5. Configure environment

Minimum for production:
# LLM
LLM_PROVIDER=anthropic
LLM_API_KEY=<from secret manager>
LLM_MODEL=claude-sonnet-4-5
OPENAI_API_KEY=<from secret manager>

# Auth
ENGINE_KEY_HASH=<from step 4>

# Asset Directory
AD_ENCRYPTION_KEY=<from step 3>
OAUTH_REDIRECT_BASE_URL=https://engine.your-domain.com

# Storage
SQLITE_DB_PATH=/data/brain.sqlite

# Hardening
ASSET_DIRECTORY_SANDBOXED=true
SUBPROCESS_SCRUB_MODE=strict
ENGINE_LOG_LEVEL=INFO
CORS_ORIGINS=https://app.your-domain.com
See Environment variables for the full catalog.

6. Run migrations

Migrations run automatically on Engine startup. Bring the Engine up once and watch the logs to confirm migrations applied cleanly.
docker run --rm -v engine_data:/data --env-file .env engine:2.3.0
If any migration fails, stop and investigate. Do not roll forward with a partial schema.

7. Bring up the service

Start the Engine in the foreground first, hit /health, then daemonize.
docker run -d \
  --name engine \
  -v engine_data:/data \
  -p 8000:8000 \
  --env-file .env \
  engine:2.3.0
Verify:
curl -fsS https://engine.your-domain.com/health
You should see {"status":"ok",...}.

8. Wire up your reverse proxy

Point your HTTPS-terminating proxy at localhost:8000 (or wherever the Engine listens).
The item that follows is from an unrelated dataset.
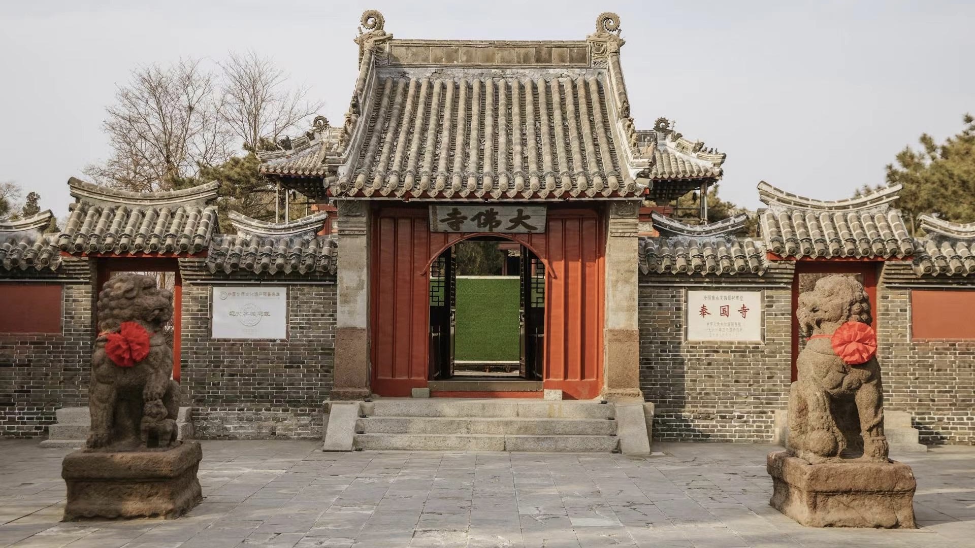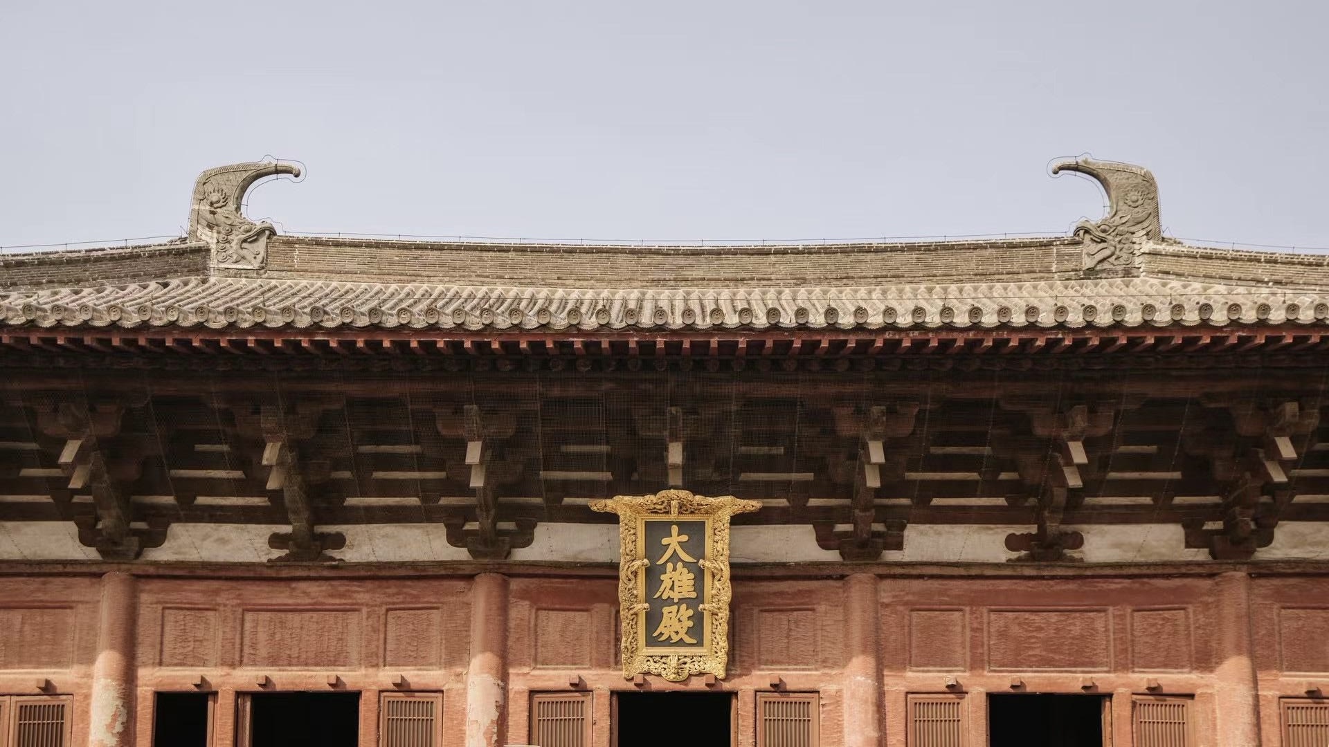 抵达奉国寺时,夕阳正悬在天边,将天空染成淡淡的橘色。寺门古朴厚重,漆色斑驳,像是一位沉默的老者,静静伫立在那里,等待着每一个有缘人的到来。跨过高高的门槛,踩着被岁月磨得光滑的石板路,一步步向大雄殿走去,心中竟生出几分忐忑。

Required:
  • TLS termination.
  • Pass through X-Engine-Key header.
  • Long timeouts on /execute (SSE streams can run minutes).
  • No buffering of the response body (otherwise clients won’t see streaming).
Example nginx fragment:
location / {
    proxy_pass http://localhost:8000;
    proxy_set_header Host $host;
    proxy_set_header X-Real-IP $remote_addr;
    proxy_buffering off;
    proxy_read_timeout 1h;
    proxy_send_timeout 1h;
}

9. Schedule backups

The brain database holds the user’s entire memory. Back it up. Options:
  • Volume snapshots. Daily snapshot of the volume holding /data. Cheapest. Recovery is point-in-time.
  • /memory/export. Periodic API export to S3 (or equivalent). Restorable to a fresh Engine via /memory/import.
  • SQLite .backup. Run sqlite3 brain.sqlite .backup brain-$(date +%s).db inside the container on a schedule. Cheap and incremental-friendly.
Whichever you pick, test restores quarterly. A backup you’ve never restored is not a backup.

10. Configure observability

  • Health probe: GET /health every 10s.
  • Log shipping: configure the container to ship stdout/stderr to your logging stack.
  • Metrics: see Observability for what to scrape.
  • Alerts: see SLO definitions for the alerts that matter.